* [ABOUT THIS TASK]
For this exercise, restate word for word only the lines from the first line of the data to the line containing "Длинная блузка удобного".

===== TASK INPUT

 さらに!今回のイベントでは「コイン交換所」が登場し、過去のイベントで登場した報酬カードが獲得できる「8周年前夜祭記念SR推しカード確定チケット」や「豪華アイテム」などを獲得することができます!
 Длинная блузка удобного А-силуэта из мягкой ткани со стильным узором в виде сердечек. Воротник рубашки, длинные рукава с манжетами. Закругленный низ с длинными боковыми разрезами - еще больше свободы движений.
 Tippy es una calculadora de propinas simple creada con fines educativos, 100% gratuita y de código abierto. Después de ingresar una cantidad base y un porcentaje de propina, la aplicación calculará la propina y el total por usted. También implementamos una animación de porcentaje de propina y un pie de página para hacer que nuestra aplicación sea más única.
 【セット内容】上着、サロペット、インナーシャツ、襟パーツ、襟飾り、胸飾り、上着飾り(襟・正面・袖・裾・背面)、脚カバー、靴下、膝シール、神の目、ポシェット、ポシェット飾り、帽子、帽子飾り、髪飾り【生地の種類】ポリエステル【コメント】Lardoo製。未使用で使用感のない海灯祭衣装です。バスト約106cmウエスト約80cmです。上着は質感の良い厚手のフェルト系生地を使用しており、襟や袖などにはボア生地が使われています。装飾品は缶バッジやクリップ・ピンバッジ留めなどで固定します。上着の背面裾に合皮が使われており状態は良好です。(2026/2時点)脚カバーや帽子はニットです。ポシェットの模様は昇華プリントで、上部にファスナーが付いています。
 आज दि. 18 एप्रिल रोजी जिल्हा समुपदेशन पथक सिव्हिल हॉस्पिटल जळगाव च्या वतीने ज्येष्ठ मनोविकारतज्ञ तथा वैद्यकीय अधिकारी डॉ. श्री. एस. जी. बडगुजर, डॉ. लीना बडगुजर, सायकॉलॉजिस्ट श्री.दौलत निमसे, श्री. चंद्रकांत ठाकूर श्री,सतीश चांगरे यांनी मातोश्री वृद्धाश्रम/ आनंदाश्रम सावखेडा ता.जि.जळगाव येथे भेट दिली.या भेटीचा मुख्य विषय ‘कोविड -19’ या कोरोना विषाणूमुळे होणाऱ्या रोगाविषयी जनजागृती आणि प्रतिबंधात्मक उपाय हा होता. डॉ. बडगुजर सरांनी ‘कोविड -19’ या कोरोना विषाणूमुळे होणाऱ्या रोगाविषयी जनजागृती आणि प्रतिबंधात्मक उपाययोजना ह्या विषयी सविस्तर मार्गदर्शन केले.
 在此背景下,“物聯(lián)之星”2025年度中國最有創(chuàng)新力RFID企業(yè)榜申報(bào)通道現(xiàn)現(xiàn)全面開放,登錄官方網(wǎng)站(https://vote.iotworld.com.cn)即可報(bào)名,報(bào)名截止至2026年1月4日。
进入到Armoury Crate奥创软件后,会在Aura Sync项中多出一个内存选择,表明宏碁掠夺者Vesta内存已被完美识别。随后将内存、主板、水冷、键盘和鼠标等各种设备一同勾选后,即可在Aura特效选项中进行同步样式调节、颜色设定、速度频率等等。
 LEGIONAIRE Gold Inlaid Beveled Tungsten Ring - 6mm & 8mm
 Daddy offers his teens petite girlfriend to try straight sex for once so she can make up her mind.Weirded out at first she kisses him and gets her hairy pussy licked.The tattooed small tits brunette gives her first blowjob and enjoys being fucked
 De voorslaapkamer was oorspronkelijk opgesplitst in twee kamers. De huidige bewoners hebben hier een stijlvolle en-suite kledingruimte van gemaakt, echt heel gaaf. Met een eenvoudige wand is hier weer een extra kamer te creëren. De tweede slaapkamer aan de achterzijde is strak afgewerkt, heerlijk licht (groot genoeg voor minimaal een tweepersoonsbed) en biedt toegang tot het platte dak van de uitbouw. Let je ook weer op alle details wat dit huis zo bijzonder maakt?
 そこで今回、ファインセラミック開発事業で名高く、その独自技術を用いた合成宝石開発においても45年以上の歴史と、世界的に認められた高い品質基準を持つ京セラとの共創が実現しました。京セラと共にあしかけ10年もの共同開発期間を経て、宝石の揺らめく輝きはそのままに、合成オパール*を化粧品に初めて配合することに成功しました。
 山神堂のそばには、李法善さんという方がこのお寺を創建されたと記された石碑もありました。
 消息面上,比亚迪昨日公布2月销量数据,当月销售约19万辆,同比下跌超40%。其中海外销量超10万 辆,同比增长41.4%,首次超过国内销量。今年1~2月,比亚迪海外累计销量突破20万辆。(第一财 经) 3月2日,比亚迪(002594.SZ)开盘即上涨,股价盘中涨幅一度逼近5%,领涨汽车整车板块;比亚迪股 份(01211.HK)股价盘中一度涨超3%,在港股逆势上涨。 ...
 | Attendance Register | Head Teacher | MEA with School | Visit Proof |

==========

* [WRITTEN ANSWER]
 さらに!今回のイベントでは「コイン交換所」が登場し、過去のイベントで登場した報酬カードが獲得できる「8周年前夜祭記念SR推しカード確定チケット」や「豪華アイテム」などを獲得することができます!
 Длинная блузка удобного А-силуэта из мягкой ткани со стильным узором в виде сердечек. Воротник рубашки, длинные рукава с манжетами. Закругленный низ с длинными боковыми разрезами - еще больше свободы движений.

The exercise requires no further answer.